• Work to be completed
Images are to be dropped, and the rest of the data reproduced exactly.

• Data below
▽

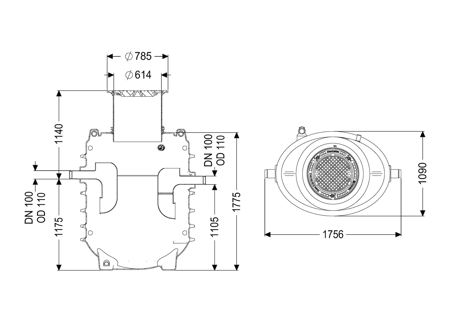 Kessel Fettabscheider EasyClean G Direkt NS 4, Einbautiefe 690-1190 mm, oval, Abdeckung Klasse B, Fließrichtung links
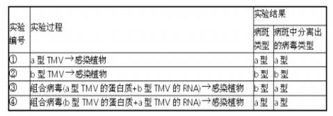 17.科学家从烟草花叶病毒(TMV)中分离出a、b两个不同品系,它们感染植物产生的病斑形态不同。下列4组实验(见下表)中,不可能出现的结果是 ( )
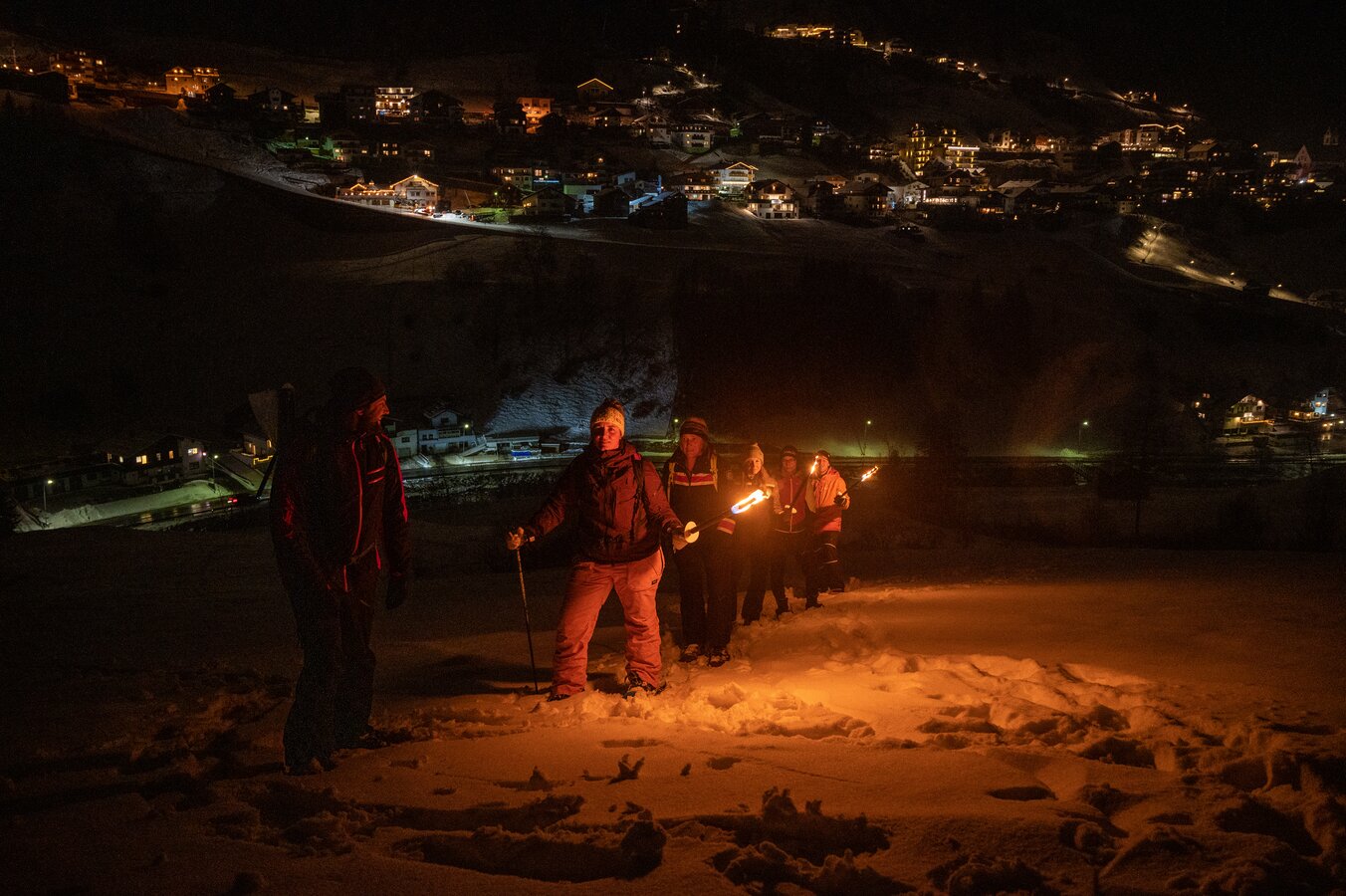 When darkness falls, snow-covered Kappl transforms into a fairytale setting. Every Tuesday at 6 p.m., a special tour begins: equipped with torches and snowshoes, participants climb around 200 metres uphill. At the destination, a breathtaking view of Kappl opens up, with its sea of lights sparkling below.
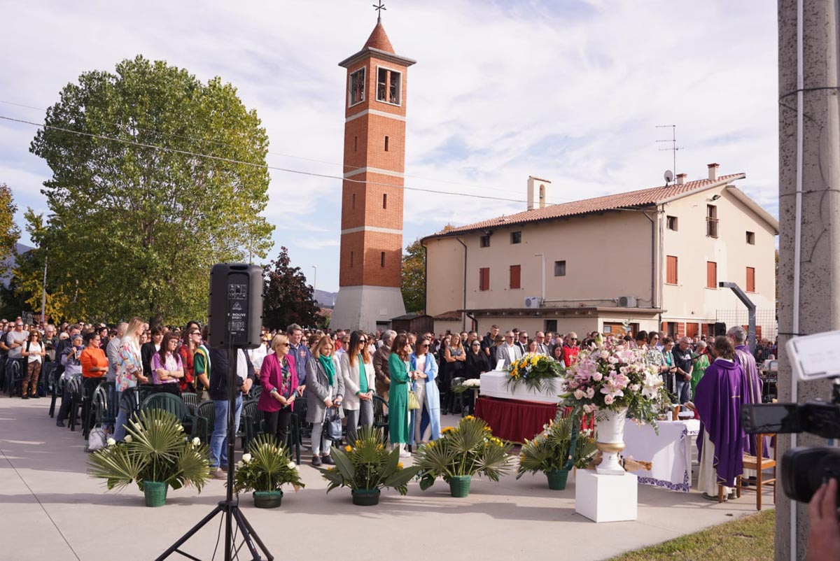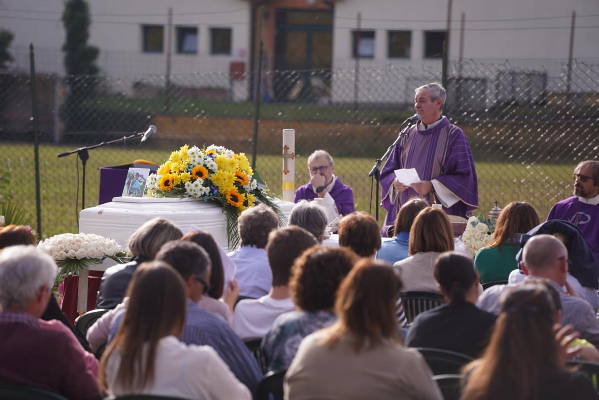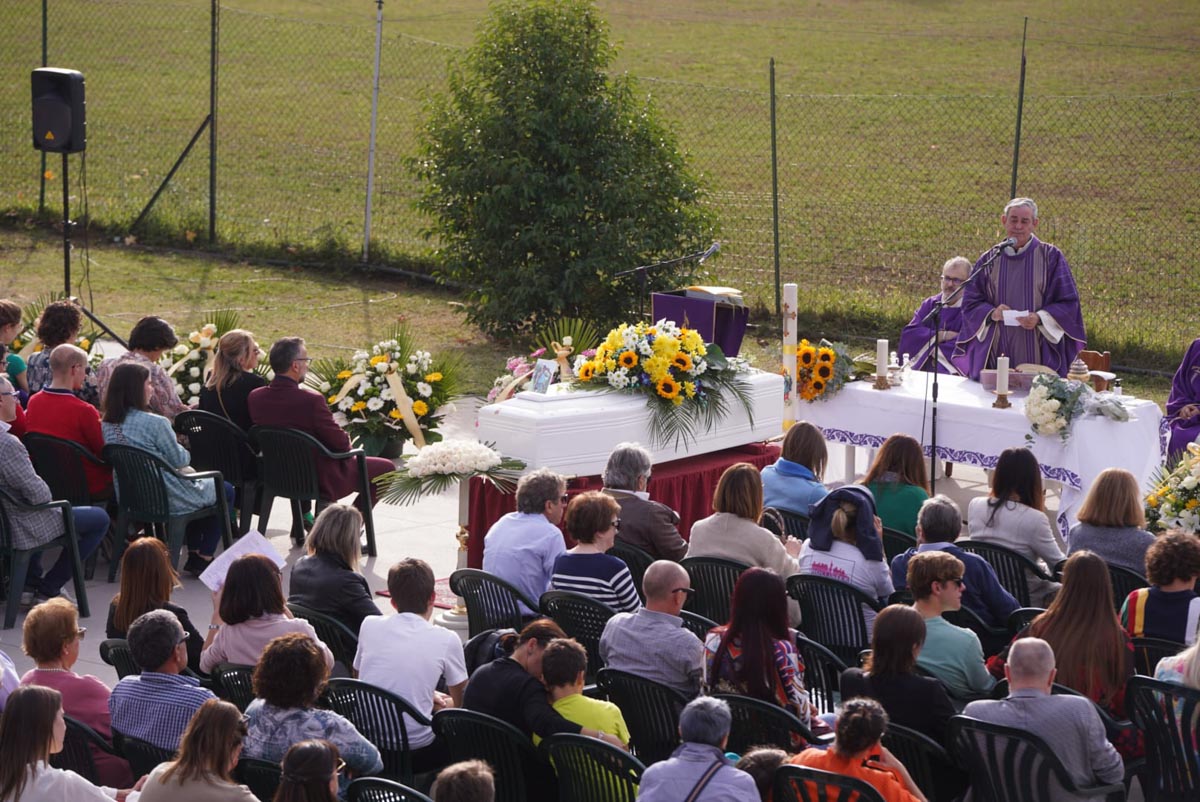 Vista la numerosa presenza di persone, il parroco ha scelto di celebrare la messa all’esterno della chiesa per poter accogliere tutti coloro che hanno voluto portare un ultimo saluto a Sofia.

△

• Solution to this exercise
 Kessel Fettabscheider EasyClean G Direkt NS 4, Einbautiefe 690-1190 mm, oval, Abdeckung Klasse B, Fließrichtung links
 17.科学家从烟草花叶病毒(TMV)中分离出a、b两个不同品系,它们感染植物产生的病斑形态不同。下列4组实验(见下表)中,不可能出现的结果是 ( )
 When darkness falls, snow-covered Kappl transforms into a fairytale setting. Every Tuesday at 6 p.m., a special tour begins: equipped with torches and snowshoes, participants climb around 200 metres uphill. At the destination, a breathtaking view of Kappl opens up, with its sea of lights sparkling below.
 Vista la numerosa presenza di persone, il parroco ha scelto di celebrare la messa all’esterno della chiesa per poter accogliere tutti coloro che hanno voluto portare un ultimo saluto a Sofia.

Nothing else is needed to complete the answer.